I have a data frame something like this:
我有这样一个数据框架
obs1 obs2 obs3 obs4 obs5
4 6 7 3 0
7 2 4 5 0
2 5 7 8 1
5 8 6 9 1
6 0 3 6 1
7 1 2 4 1
I want to compute the mean and standard deviation for obs 1 to 4 conditioned on obs5 and put it in a table format. The columns headings should be means and standard deviation for each of whether the obs5 is "0" or "1". Thus in this case the table will be of 4 by 4 type.
我想要计算obs 1到4的均值和标准差以obs5为条件并把它放在表格中。无论obs5是“0”还是“1”,列标题都应该是平均值和标准差。因此,在这种情况下,表将是4×4的类型。
I tried
我试着
table <- aggregate( .~ obs5, DF, function(x) c(mean = mean(x), sd = sd(x)))
and am not sure what to do further to get proper format.
我也不知道该怎么做才能得到合适的格式。
3 个解决方案
#1
0
a bit long-winded but produces output in correct format:
有点冗长,但以正确的格式输出:
DF <- data.frame(obs1 = c(4, 7, 2, 5, 6, 7), obs2 = c(6, 2, 5, 8, 0, 1), obs3 = c(7, 4, 7, 6, 3, 2), obs4 = c(3, 5, 8, 9, 6, 4), obs5 = c(0, 0, 1, 1, 1, 1))
res <- by(DF[, -5], DF$obs5, FUN = function(x) rbind(colMeans(x), sqrt(diag(var(x)))))
res <- do.call(rbind, res)
rownames(res) <- paste(rep(c('mean', 'sd'), 2), rep(c(0, 1), c(2, 2)), sep = ".")
t(res)
# mean.0 sd.0 mean.1 sd.1
#obs1 5.5 2.121320 5.00 2.160247
#obs2 4.0 2.828427 3.50 3.696846
#obs3 5.5 2.121320 4.50 2.380476
#obs4 4.0 1.414214 6.75 2.217356
#2
2
We could use data.table
. We convert the 'data.frame' to 'data.table' (setDT(df1)

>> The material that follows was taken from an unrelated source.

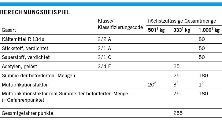 Die höchst zulässige Gesamtmenge je Beförderungseinheit von 1 000 Punkten darf nicht überschritten werden, da nur dann die vereinfachten Transportbedingungen angewendet werden können.

), reshape it from 'wide' to 'long' format and then reshape it back to 'wide' format with dcast
. The dcast
from data.table
can take multiple fun.aggregate
.
我们可以使用data.table。我们将“data.frame”转换为“data”。表(setDT(df1)),将其从“宽”格式修改为“长”格式,然后使用dcast将其重新修改为“宽”格式。dcast从数据。表可以有多种功能。
library(data.table)#v1.9.6+
DT <- melt(setDT(df1), id.var='obs5', variable.name='Obs')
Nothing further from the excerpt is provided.